Population of Children with age of 0-6 is 2,301 which is 14.38% of total population of Hindoria (NP). In Hindoria Nagar Panchayat, Female Sex Ratio is of 927 against state average of 931. Moreover Child Sex Ratio in Hindoria is around 929 compared to Madhya Pradesh state average of 918. Literacy rate of Hindoria is 78.88% higher than state average of 69.32%. Male literacy is around 88.09% while female literacy rate is 68.93%.

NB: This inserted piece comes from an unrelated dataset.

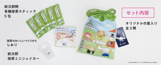 ・品川紋次郎 抹茶ミニシェイカー ・紋次郎柄 有機抹茶スティック 5包 ・つかいかたのしおり

Hindoria Nagar Panchayat has total administration over 3,287 houses to which it supplies basic amenities like water and sewerage.

Caste Factor
Schedule Caste (SC) constitutes 20.95% while Schedule Tribe (ST) were 5.06% of total population in Hindoria (NP).

Work Profile
Out of the total population, 7,135 were engaged in work or business activity. Of this 4,576 were males while 2,559 were females. In census survey, worker is defined as person who does business, job, service, and cultivator and labour activity. Of the total 7135 working population, 76.31% were engaged in Main Work while 23.69% of total workers were engaged in Marginal Work.

Education
Schools in Hindoria include:

Government Schools
 GOVT HSS BOYS, HINDORIA
 GOVT HSS GIRLS, HINDORIA
 GOVT MS BOYS, HINDORIA, JANPAD
 GOVT MS BOYS, SENIOR BASIC, HINDORIA
 GOVT MS GIRLS, HINDORIA
 GOVT PS GIRLS, HINDORIA
 GOVT PS HINDORIA
 GOVT PS HINDORIA, MUKERWA WARD
 GOVT PS HINDORIA, KILA WARD
 GOVT PS HINDORIA, KANCHAN PURA
 GOVT PS HINDORIA, CHIRAIPANI

Private Schools
 Shri Jageshwar Nath Middle School, Hindoria
 Saraswati Sishu Mandir Hindoria
 Gayatri Vidhya Peeth School, Hindoria
 Shri G.P.Choubey Memorial English Medium School, Hindoria
 Gyan Amrit English/Hindi Medium Middle School, Hindoria
 Kumud Karmarkar English Medium School, Hindoria
 Rajendra Pathak Memorial English Medium School, Hindoria
 Priyadarshni ball mandir school ,hindoria

Famous Personalities

Pradyuman Singh Lodhi
 Thakur Pradyumn Singh Lodhi elected as MLA from Malhera constituency in state assembly election 2018. He is member and head of royal house of Hindoria and descendant of Raja Kishore Singh Lodhi who rebelled against britishers in 1857.
 Elected again as MLA in the November 2020 by-election as BJP Candidate 53 BADAMAlHERA SEAT.
 Now in charge of Chairman of State civil supplies corporation (SCSC).
 Rank:- Cabinet Minister, MP Government.

Thakur Rahul Singh
 Thakur Rahul Singh Lodhi, member of Royal house of Hindoria and former member of legislative assembly of Madhya Pradesh from the Damoh constituency. He defeated the former finance minister of Madhya Pradesh.
 He also quit Congress and joined BJP but his fate was not same as his cousin, he lost the by election to Congress veteran Ajay Tondon from Damoh constituency seat.